:: Problem details ::
Where the data below shows a picture, leave that picture out and copy the rest exactly.

:: Data ::
----------------

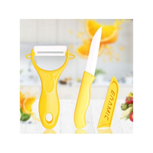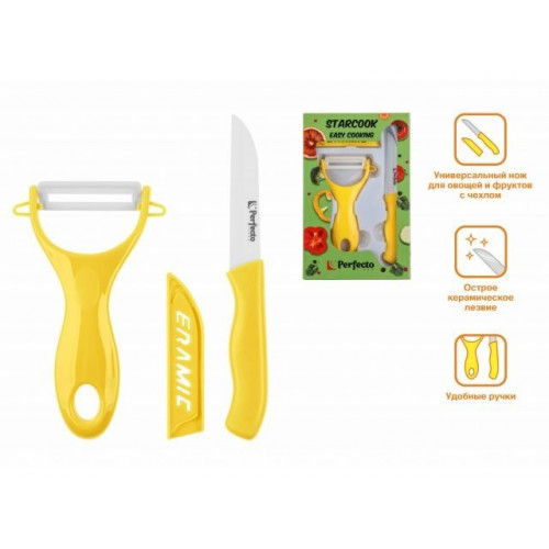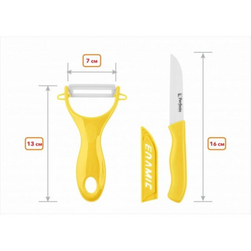 В наборе: нож кухонный, общая длина 16 см, длина лезвия 7 см, нож для чистки 13 см, защиный чехол для ножа.
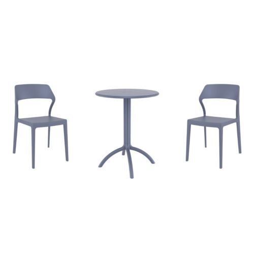 Transform your small outdoor area into a stylish space with Snow chairs and Octopus 24" round table 3 piece bistro set in dark gray. Made from durable polypropylene resin, this bistro set is perfect for balconies, terraces, decks, patios, cafes and restaurants. Snow chairs feature a sleek and contemporary design that adds a touch of sophistication to any space. Octopus 24" round table provides plenty of room for two people to sit and enjoy a meal or drink together.
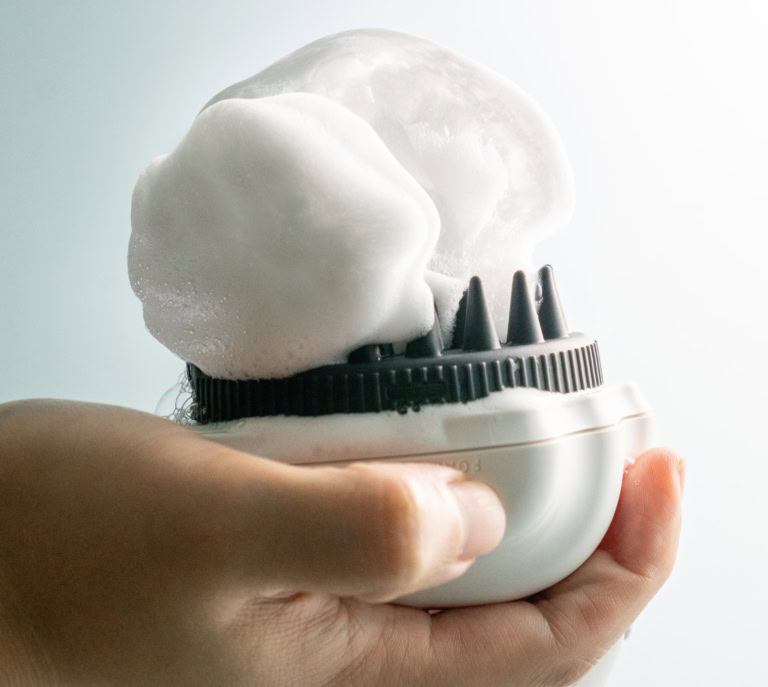 手で作ることが難しいきめ細かな泡で毛穴汚れを浮かせてすっきりオフ。すべらせるだけで頭皮全体を心地よくケアでき、いつものシャンプー時間が癒やしのひとときに。専用シャンプーとセットで。

----------------

:: Solution to the problem ::
 В наборе: нож кухонный, общая длина 16 см, длина лезвия 7 см, нож для чистки 13 см, защиный чехол для ножа.
 Transform your small outdoor area into a stylish space with Snow chairs and Octopus 24" round table 3 piece bistro set in dark gray. Made from durable polypropylene resin, this bistro set is perfect for balconies, terraces, decks, patios, cafes and restaurants. Snow chairs feature a sleek and contemporary design that adds a touch of sophistication to any space. Octopus 24" round table provides plenty of room for two people to sit and enjoy a meal or drink together.
 手で作ることが難しいきめ細かな泡で毛穴汚れを浮かせてすっきりオフ。すべらせるだけで頭皮全体を心地よくケアでき、いつものシャンプー時間が癒やしのひとときに。専用シャンプーとセットで。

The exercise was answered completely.